Histogram doesn't have any built-in support for weighted data, although it's an interesting idea, and most of the binning algorithms should be amenable to working with it.


That being said, here's a WeightedHistogram function, with some feedback from Andy Ross. It accepts

  • weighted values (in the same format as RandomChoice and EmpiricalDistribution)
  • binning specifications
  • Histogram options.

It doesn't support the height functions, since they'd have to be manually implemented. (This isn't hard, just a bit tedious since there are several of them.)

The implementation creates a representative sample of the data to compute the bins from.

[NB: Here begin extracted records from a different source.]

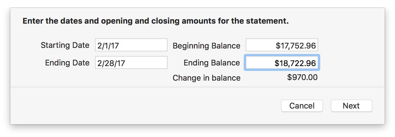 - Starting balance: Enter the account's balance as of the beginning of the statement period (as indicated on the printed statement). By default, Banktivity shows the ending balance from the previous statement. If you are reconciling an account for the first time, set the starting balance to 0.00 in order to accommodate the account's initial balance adjustment. For credit cards and other liabilities, be sure to enter the balance as a negative number.
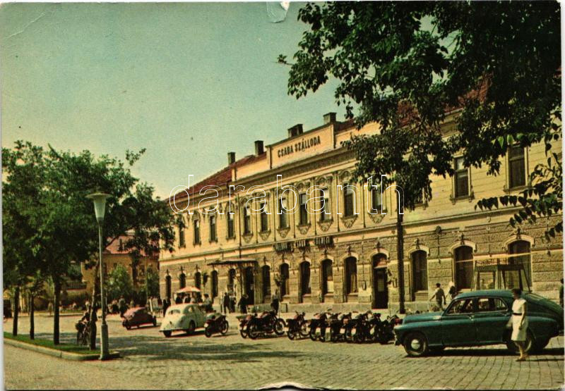 1965 Békéscsaba, Csaba szálloda, automobil, motorkerékpár. Képzőművészeti Alap. Foto Bakonyi (szakadás / tear)
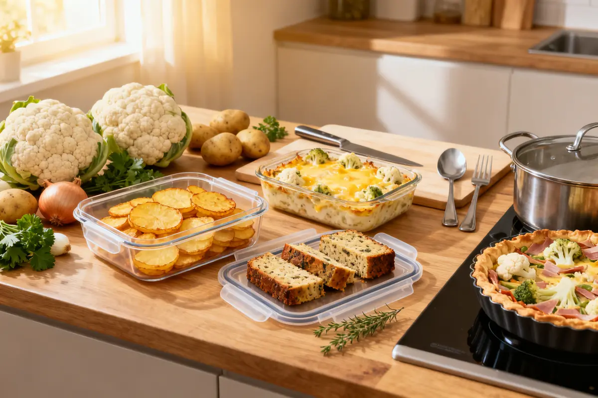 Le principe est direct. Vous utilisez quelques ingrédients communs comme le chou-fleur, les pommes de terre et le jambon. Vous préparez tout en une seule session. Ensuite, vous stockez dans des boîtes hermétiques. C’est idéal pour vos déjeuners au bureau.
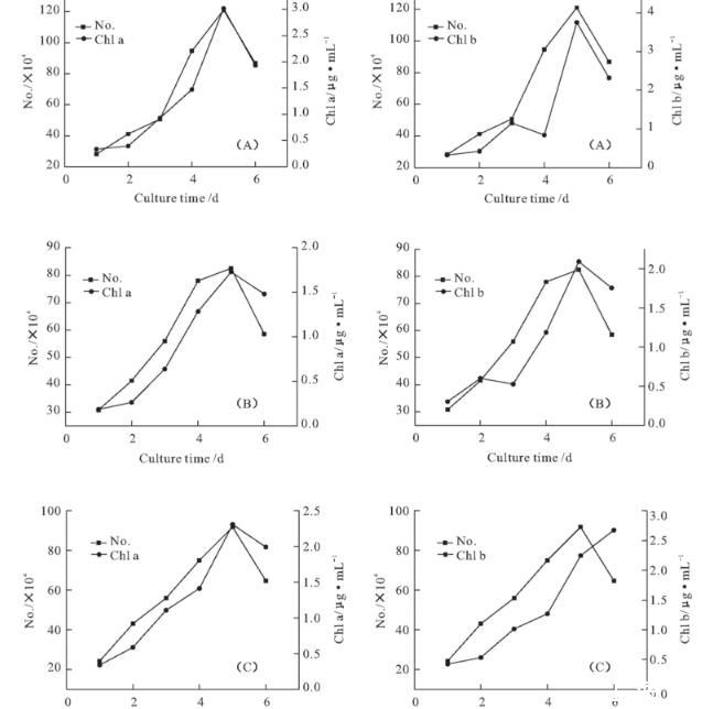 圖2朱氏四爿藻(A)、心形四爿藻(B)、大四爿藻(C)的生長曲線(根據(jù)葉綠素a、b含量繪制)
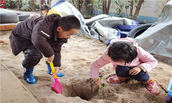 整个游戏中孩子们始终处于主动学习、探索的状态,他们互相合作、互相交流,在堆沙、挖道、筑墙中体验沙的松软、了解沙的可塑性,笑声和欢呼声不绝于耳,成为了幼儿园里一道靓丽的风景线。
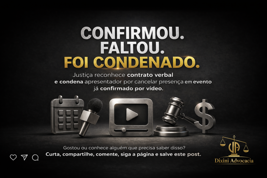 No processo, ficou reconhecido que houve contrato verbal válido, reforçado por vídeo enviado ao autor (Craque NETO) confirmando presença, local e data do evento. Mesmo sem contrato escrito, o juiz entendeu que a conduta gerou obrigação jurídica e expectativa legítima.
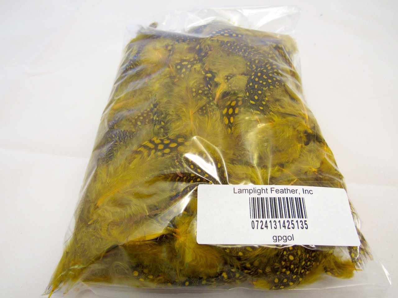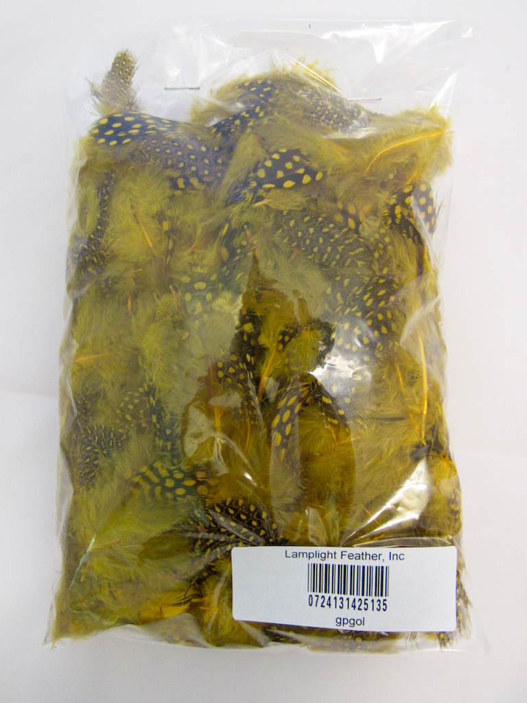 Free Shipping for USA orders over $25. Guinea Plumage Craft feathers Craft feathers GOLD per ounce SKU: gpgol This decorative loose GUINEA PLUMAGE has MIXED spotted and speckled feathers dyed gold. The feathers are about 1-4 inches long with over 200 feathers per ounce. This item is available in larger quantities. Please call for pricing.
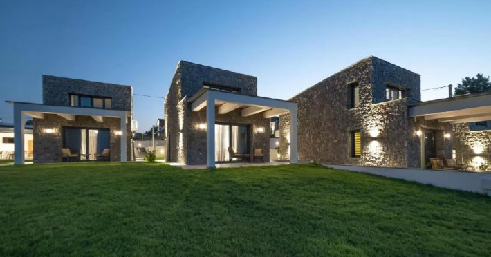 Cele 8 vile au 80 mp, au doua etaje si sunt potrivite pentru familii numeroase sau grupuri, deoarece pot gzdui confortabil 4 adulti si 2 copii sau 5 adulti. Etajul superior are un dormitor cu un pat dublu si baie cu dus. Parterul are un dormitor cu doua paturi de o persoana, o baie cu dus si o camer de zi cu o canapea extensibila, masa si bucatarie complet utilata cu placi electrice si frigider. Vila este confortabila si functionala, cu o estetica moderna, ideala pentru vizitatorii care cauta lux si calitate. La exteriorul fiecarei vile exista o zona frumoasa de relaxare cu sezlonguri in jurul piscinei pentru relaxare. Vederea padurii si a marii este uluitoare.
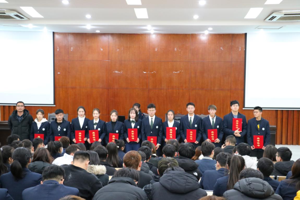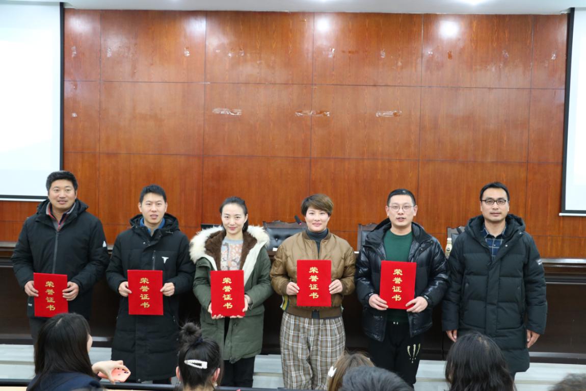 首先大会进行第一项议程,由殷枭老师对本年度联系我们进行总结汇报,随后对先进教师和表现优异的同学进行表彰,获奖的老师和同学脸上洋溢着灿烂的笑容,这也是对他们一年来辛勤付出的肯定,各位领导为他们颁了奖。闻主任向全系员工解读了专转本的政策。

This is combined with the list of actual values to make sure we cover the extremes, which might have low weights and otherwise not show up in the sample.

Options[WeightedHistogram] = 
   Append[Options[Histogram], "SampleSize" -> 1000];

WeightedHistogram[weights_ -> values_, o : OptionsPattern[]] :=
   WeightedHistogram[weights -> values, Automatic, o]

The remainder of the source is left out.